DATA EXTRACT START
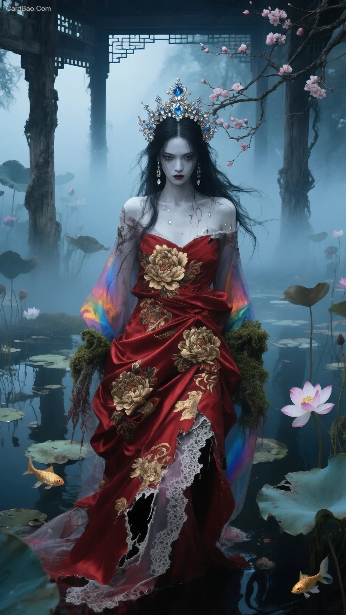 中式美学,中式恐怖,雾神栖于腐木廊桥,身着现代解构暗红色绸缎层叠裹身且金纹牡丹在纱质破损处绽放(服饰完美的与周围环境色相融过度)、袖口拼接苔藓真丝流淌虹彩的服饰,镶钻头饰生长出晶簇与桃枝,素白面容半掩于败荷间,犀利的眼神直视屏幕,生物刺绣皮肤有汗珠滚落,荷花池被雾感粒子光效笼罩,有金鱼藻蔓,荷花池神境,雾感粒子光效笼罩的水墨丹青场域,哑光油画基底浮现浮世绘色谱的场域,俯瞰镜头,病变美学与高定华服超现实共生,朦胧光尘,雾感,柔焦,蓝色调,服饰精致刺绣复杂繁琐图腾,蕾丝花边不对称,服饰残破不堪,诡异,长发碎乱飘逸动感,影级震撼感和视觉冲击,阴森氛围感拉满,风格是超现实绘画、水墨丹青、哑光油画
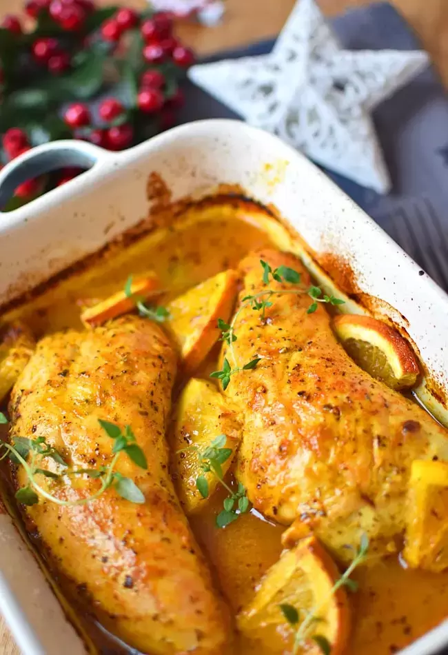 Разогрейте духовку до 180°C. Апельсины нарежьте на четвертинки и добавьте к индейке. Выложите куски в форму для запекания, полейте оставшимся маринадом и разместите дольки цитруса сверху.
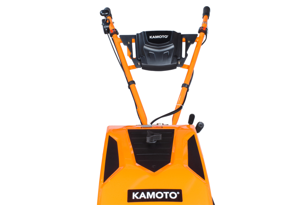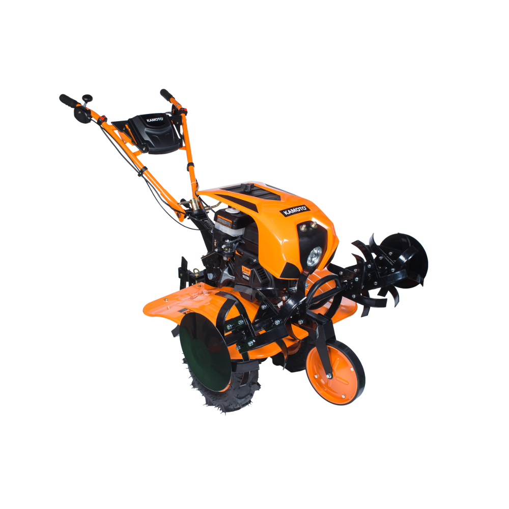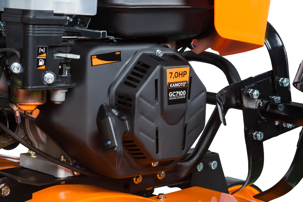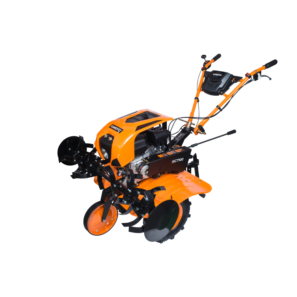 Мощный культиватор Kamoto GC 7100 с двигателем мощностью 7 л.с. и с большой шириной захвата (100 см), укомплектован закаленными фрезами (32 шт), что позволяет применять его на тяжелых грунтах и для обработки целины. Установлена рукоятка управления с возможностью регулировки и поворота в разных плоскостях, на которой также имеется отсек для хранения инструментов и различной мелочёвки. Переключение скоростей осуществляется через коробку передач. Установленный на культиватор мощный прицепной узел является самым распространенным и дает возможность устанавливать различное навесное оборудование: плуг, окучник, картофелевыкапыватель, а также подсоединить тележку. Также в комплект входят пневматические колеса и боковые диски.
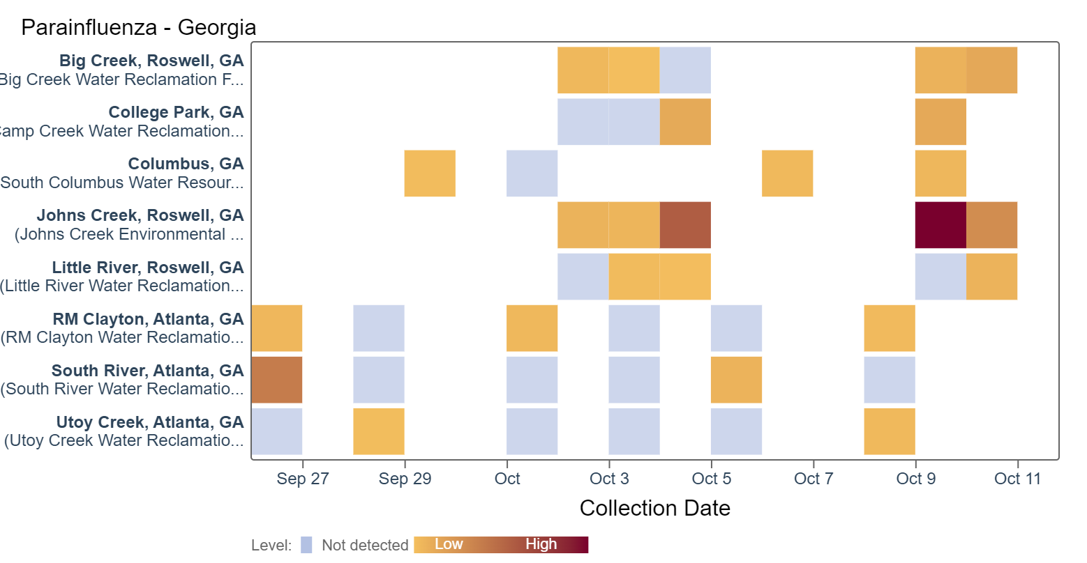 Parainfluenza RNA has been frequently detected in samples collected from most Georgia sites. Concentrations are less than 168,000 copies/g. Because this is a new target, there is no category assigned and we are still establishing what an expected baseline amount of detection will be.
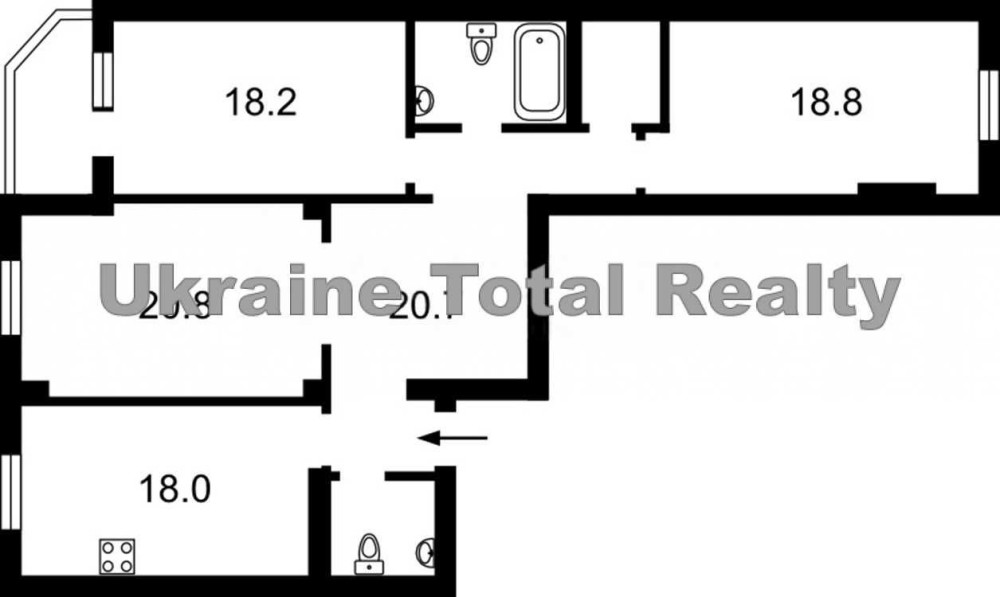Хороше планування: всі кімнати окремі: 18,2м2, 18,8м2 та 20,8м2. Два санвузли, простора гардеробна, одна спальня з виходом на балкон.
DATA EXTRACT END
> [THE PROBLEM] Should any entry above carry a picture, omit it and repeat everything else word for word.

> [ANSWER]
 中式美学,中式恐怖,雾神栖于腐木廊桥,身着现代解构暗红色绸缎层叠裹身且金纹牡丹在纱质破损处绽放(服饰完美的与周围环境色相融过度)、袖口拼接苔藓真丝流淌虹彩的服饰,镶钻头饰生长出晶簇与桃枝,素白面容半掩于败荷间,犀利的眼神直视屏幕,生物刺绣皮肤有汗珠滚落,荷花池被雾感粒子光效笼罩,有金鱼藻蔓,荷花池神境,雾感粒子光效笼罩的水墨丹青场域,哑光油画基底浮现浮世绘色谱的场域,俯瞰镜头,病变美学与高定华服超现实共生,朦胧光尘,雾感,柔焦,蓝色调,服饰精致刺绣复杂繁琐图腾,蕾丝花边不对称,服饰残破不堪,诡异,长发碎乱飘逸动感,影级震撼感和视觉冲击,阴森氛围感拉满,风格是超现实绘画、水墨丹青、哑光油画
 Разогрейте духовку до 180°C. Апельсины нарежьте на четвертинки и добавьте к индейке. Выложите куски в форму для запекания, полейте оставшимся маринадом и разместите дольки цитруса сверху.
 Мощный культиватор Kamoto GC 7100 с двигателем мощностью 7 л.с. и с большой шириной захвата (100 см), укомплектован закаленными фрезами (32 шт), что позволяет применять его на тяжелых грунтах и для обработки целины. Установлена рукоятка управления с возможностью регулировки и поворота в разных плоскостях, на которой также имеется отсек для хранения инструментов и различной мелочёвки. Переключение скоростей осуществляется через коробку передач. Установленный на культиватор мощный прицепной узел является самым распространенным и дает возможность устанавливать различное навесное оборудование: плуг, окучник, картофелевыкапыватель, а также подсоединить тележку. Также в комплект входят пневматические колеса и боковые диски.
 Parainfluenza RNA has been frequently detected in samples collected from most Georgia sites. Concentrations are less than 168,000 copies/g. Because this is a new target, there is no category assigned and we are still establishing what an expected baseline amount of detection will be.
Хороше планування: всі кімнати окремі: 18,2м2, 18,8м2 та 20,8м2. Два санвузли, простора гардеробна, одна спальня з виходом на балкон.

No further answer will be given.